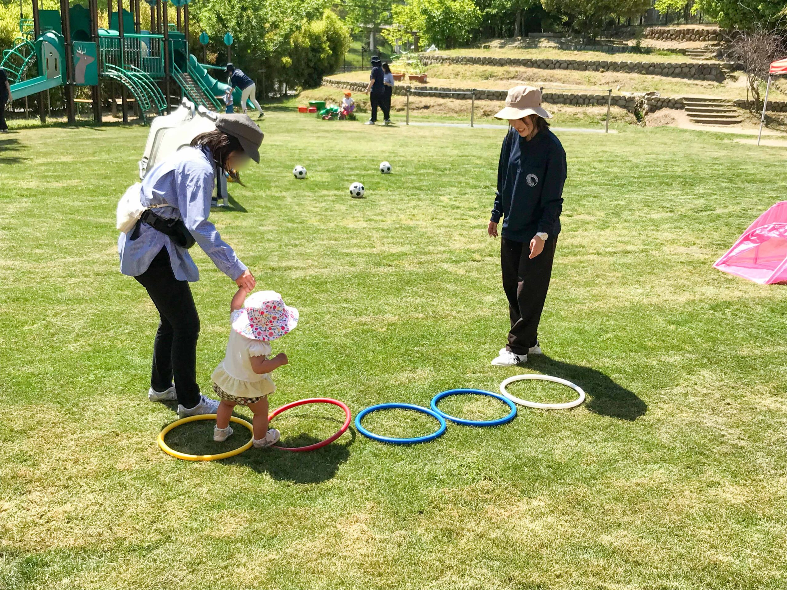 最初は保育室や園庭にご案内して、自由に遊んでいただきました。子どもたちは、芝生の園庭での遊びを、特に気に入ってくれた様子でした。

* * *

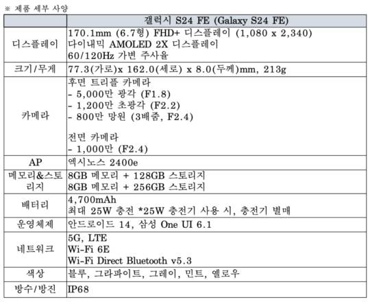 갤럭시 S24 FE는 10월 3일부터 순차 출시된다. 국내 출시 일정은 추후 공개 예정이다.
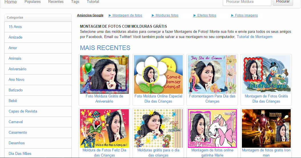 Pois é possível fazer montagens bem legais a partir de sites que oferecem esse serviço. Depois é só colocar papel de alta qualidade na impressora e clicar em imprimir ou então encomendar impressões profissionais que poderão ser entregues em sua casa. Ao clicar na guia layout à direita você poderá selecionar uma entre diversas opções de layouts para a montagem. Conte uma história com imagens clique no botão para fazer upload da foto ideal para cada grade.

▸ **Work instructions**
From the data above, return exactly the lines from the one with "갤럭시 S24 FE는" up to and including the one with "Pois é possível". Pictures do not go in the copy.

▸ **Written answer**
 갤럭시 S24 FE는 10월 3일부터 순차 출시된다. 국내 출시 일정은 추후 공개 예정이다.
 Pois é possível fazer montagens bem legais a partir de sites que oferecem esse serviço. Depois é só colocar papel de alta qualidade na impressora e clicar em imprimir ou então encomendar impressões profissionais que poderão ser entregues em sua casa. Ao clicar na guia layout à direita você poderá selecionar uma entre diversas opções de layouts para a montagem. Conte uma história com imagens clique no botão para fazer upload da foto ideal para cada grade.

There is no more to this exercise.